First, ignorance around nuclear weapons. Matlock admits that as a Moscow embassy staffer in 1962, he translated Khrushchev’s messages to JFK in the Cuban Missiles Crisis, and he and his colleagues were unaware of the actual nature of the settlement of that crisis, and would have cheered for American bombing of Russian sites in Cuba—which would have been fatal to several major cities including Washington, D.C.: “It is quite dangerous to get involved in military confrontations with countries with nuclear weapons.”
But for the most part, the hubris of “we won the Cold War,” against which both Pope John Paul II and Lyndon LaRouche warned. Matlock quotes his own testimony to the Senate Foreign Relations Committee in 1997 when the Clinton Administration proposed the expansion of NATO: “I consider the Administration’s recommendation to take new members into NATO at this time misguided. If it should be approved by the United States Senate, it may well go down in history as the most profound strategic blunder made since the end of the Cold War. Far from improving the security of the United States, its Allies, and the nations that wish to enter the Alliance, it could well encourage a chain of events that could produce the most serious security threat to this nation since the Soviet Union collapsed.”

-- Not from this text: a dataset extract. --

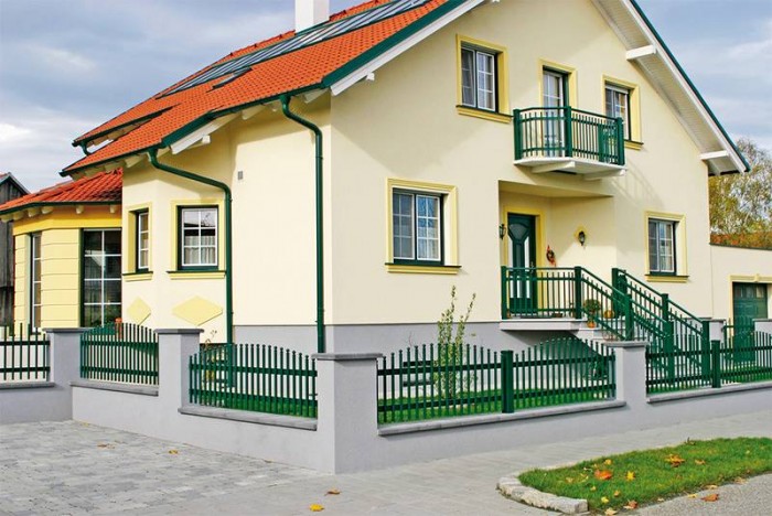 Dekoratív, légies, elegáns – a házat kiemeli a háttérböl, sokoldalúan felhasználható. A GLORIETTE alukerítésmodel mind modern mind régebbi épületekhez jól illik.

Matlock proposes a "common sense" approach: "What President Putin is demanding, an end to NATO expansion and creation of a security structure in Europe that insures Russia’s security along with that of others is eminently reasonable. He is not demanding the exit of any NATO member and he is threatening none. By any pragmatic, common sense standard it is in the interest of the United States to promote peace, not conflict. To try to detach Ukraine from Russian influence—the avowed aim of those who agitated for the “color revolutions”—was a fool’s errand, and a dangerous one. Have we so soon forgotten the lesson of the Cuban Missile Crisis?
Now, to say that approving Putin’s demands is in the objective interest of the United States does not mean that it will be easy to do. The leaders of both the Democratic and Republican parties have developed such a Russophobic stance (a story requiring a separate study) that it will take great political skill to navigate the treacherous political waters and achieve a rational outcome.
President Biden has made it clear that the United States will not intervene with its own troops if Russia invades Ukraine. So why move them into Eastern Europe? Just to show hawks in Congress that he is standing firm? For what? Nobody is threatening Poland or Bulgaria except waves of refugees fleeing Syria, Afghanistan and the desiccated areas of the African savannah. So what is the 82nd Airborne supposed to do?"